### [To do]
Exactly the lines from the beginning of the records to the line with "Aimez le chocolat", both ends included, are to be given again, and pictures are to be left out.

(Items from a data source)
-*-
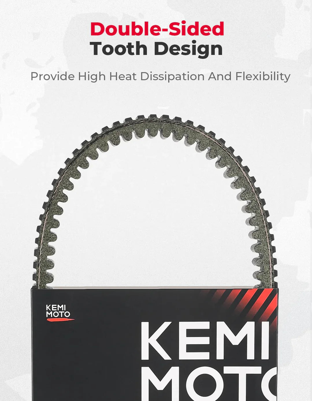 Kemimoto's drive belt is made of high-quality neoprene and advanced polyester cord. It boasts high-temperature resistance, fire retardant properties, lightweight design, and high strength. With stable size, puncture resistance, wear resistance, and chemical corrosion resistance, this belt is exceptionally durable.
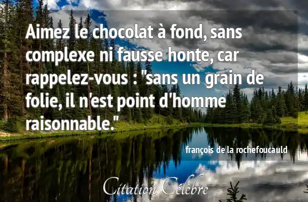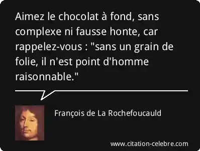 Aimez le chocolat à fond, sans complexe ni fausse honte, car rappelez-vous : "sans un grain de folie, il n'est point d'homme raisonnable."
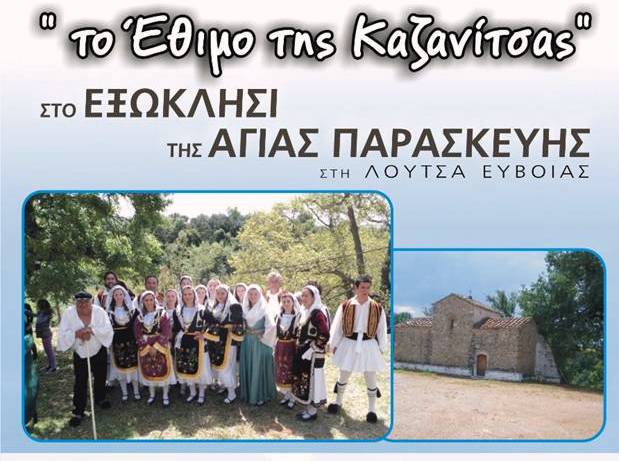 Ο Πολιτιστικός και Εξωραϊστικός Σύλλογος Λούτσας συνδιοργανώνει με το Δήμο Διρφύων- Μεσσαπίων το έθιμο της Καζανίτσας στο εξωκλήσι της Αγίας Παρασκευής στη Λούτσα.
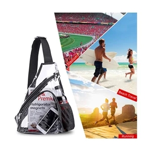 Clear sling bag with waterproof material, zipper, strap clip, shoulder strap, zip compartments, phone pocket, and bottle holder.
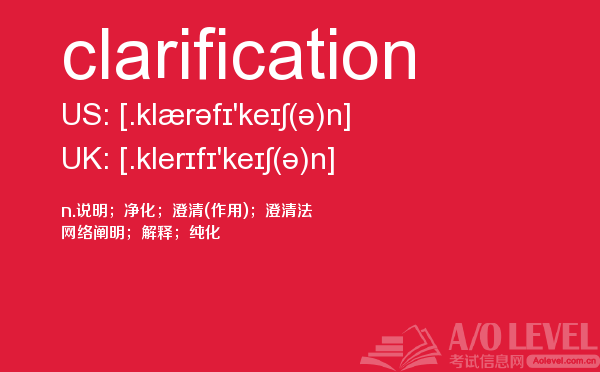 现在申请英国院校的中国孩子非常多,几乎每一个学生都在为一种叫做英国a-level的考试而努力着。a/o-level考试网老师为大家解析a-level考试重难点单词clarification,大家认真学习,会有帮助。如果您想了解新加坡国立大学a水准,中国alevel考试,alevel怎么考试,国际高中的课程alevel等关于a-level考试的相关资讯,请继续浏览并关注课窝a/o-level考试网。
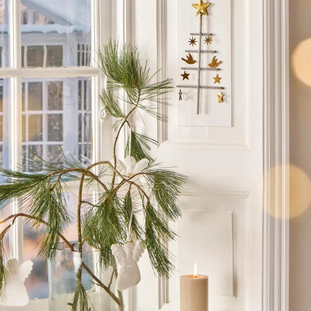 Platziere die Kerze auf einem Holz- oder Metallteller und kombiniere sie mit Zapfen, Zweigen und kleinen Holzfiguren. Das Wort „Hygge“ lädt dazu ein, in Ruhe eine Tasse Kakao zu genießen und gemeinsame Momente zu feiern.
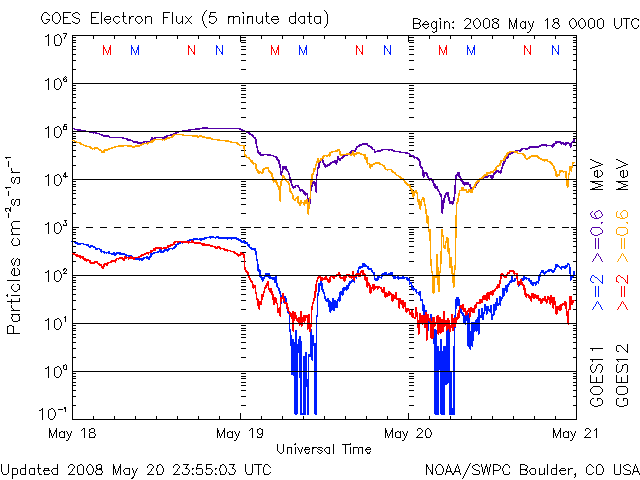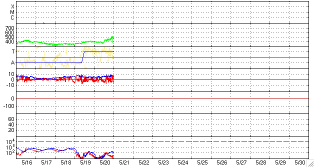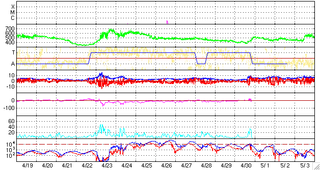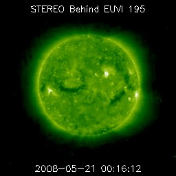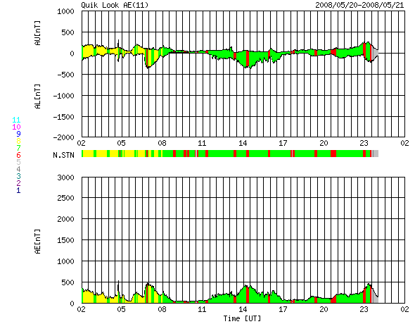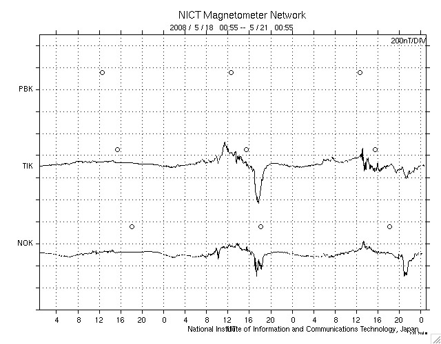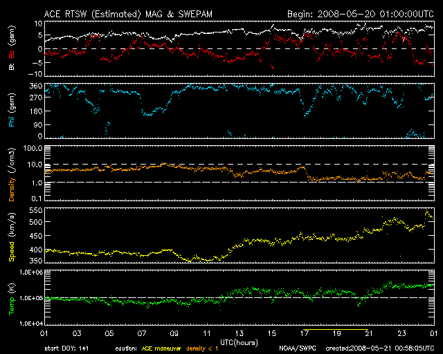 2008/ 5/21 10:00 更新 太陽風の速度が520km/秒に上昇しています。もうしばらく上がりそうです。 担当 篠原 前周期より半日ほど遅れて、高速太陽風が始まりました。 昨夜、20日22時(世界時20日13時)頃から太陽風の速度が上がり始め、 半日ほど経って、現在520km/秒に上がっています。 上がり幅としては、まだそれほどでもありません。 磁場強度は、7nTに強まっています。 現在も強まったままなので、速度はもうしばらく上昇しそうです。 磁気圏では、AE指数で500nT弱の小規模活動が続いています。 磁場強度が強まって、-5nTくらいの南向き磁場が頻繁に見られているためでしょう。 速度が上がって来たので、今後は中規模の活動くらいに高まるのではないでしょうか。 高速風は、これから3日程度続くのではないかと思います。 SOHO衛星の更新が止まっているので、今日もSTEREOのコロナ写真を掲載します。 この衛星から見て、西側(右側)へ過ぎ去りつつあるコロナホールが、 現在の高速風の発生源です。 地球から見ると、2日後くらいにこの状態になると考えて下さい (少しずつ地球との距離が広がっているようです)。 23日頃に、コロナホールから最後の高速風が来ることになりそうです。 そして、次のコロナホールが太陽の中心に近づいています。 ここからの高速風は、5日後くらいになるでしょう。 放射線帯の高エネルギー電子は、低い状態です。 高速風がもう少し強まって来ると、上昇に対する注意が必要となります。 太陽は、SOHOの写真が更新されていないので、昨日と同じ写真を掲載します。 STEREOのEUVI195の写真から見て、目立った変化はないでしょう。 GOESのX線グラフも静かなままです。 STEREO衛星極紫外線望遠鏡EUVI195による太陽コロナ。21日9時(世界時21日0時)。2日ほど先回りしています。 (c) NASA ![]() ACEが観測した太陽風の磁場(1番上の枠、白線は全体の強度、赤線は南北成分) および、太陽風の密度(3番目の橙線)、速度(4番目の黄線) (c) NOAA/SWPC ![]() リアルタイムAE指数 下段のAEグラフの値が高くなると、オーロラ活動が活発化しています。 (c) 京都大学, NICT ![]() シベリアで観測された3日間の磁場データ 右側の3分の1が、昨日のデータになります。グラフが上がったり下がったりすると、オーロラ活動が活発化しています。 (c) NICT ![]() 27日の太陽周期に合わせたデータプロット 太陽が同じ面を地球に向けていた27日前の変化から、今後を予想することができます。 (c) NICT
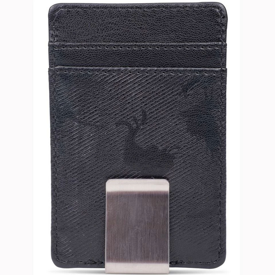 Front pocket style PVC construction wallet with printed and embossed logos. With metal clip and 3 card pockets.
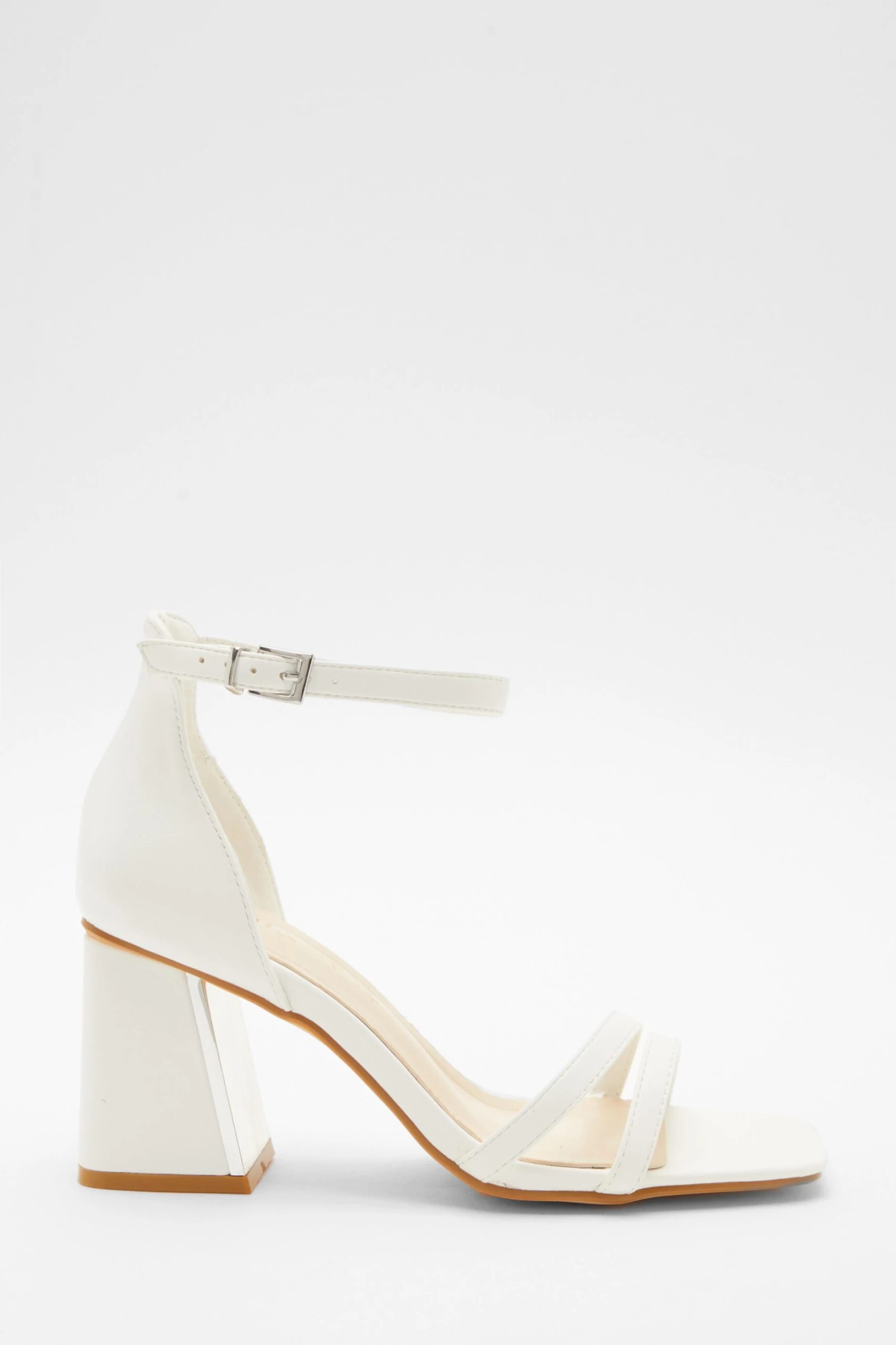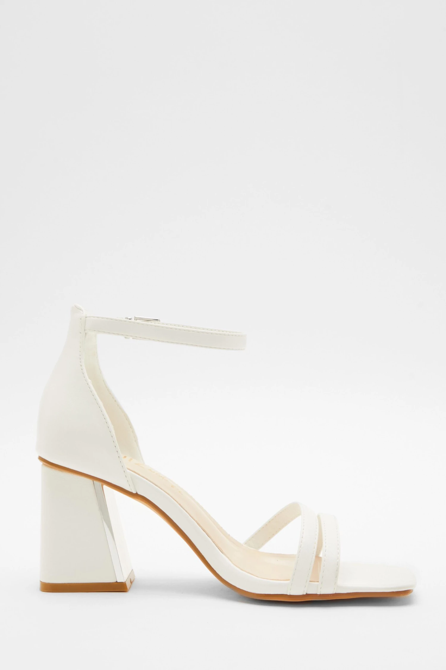Wide Fit White Asymmetric Strap Heeled Sandals
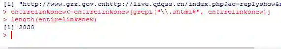 上面的grepl("\\.shtml$", entirelinksnew)代码就是找出所有结尾为shtml的url。而别的就可以省略了。
-*-
### [Solution below]
 Kemimoto's drive belt is made of high-quality neoprene and advanced polyester cord. It boasts high-temperature resistance, fire retardant properties, lightweight design, and high strength. With stable size, puncture resistance, wear resistance, and chemical corrosion resistance, this belt is exceptionally durable.
 Aimez le chocolat à fond, sans complexe ni fausse honte, car rappelez-vous : "sans un grain de folie, il n'est point d'homme raisonnable."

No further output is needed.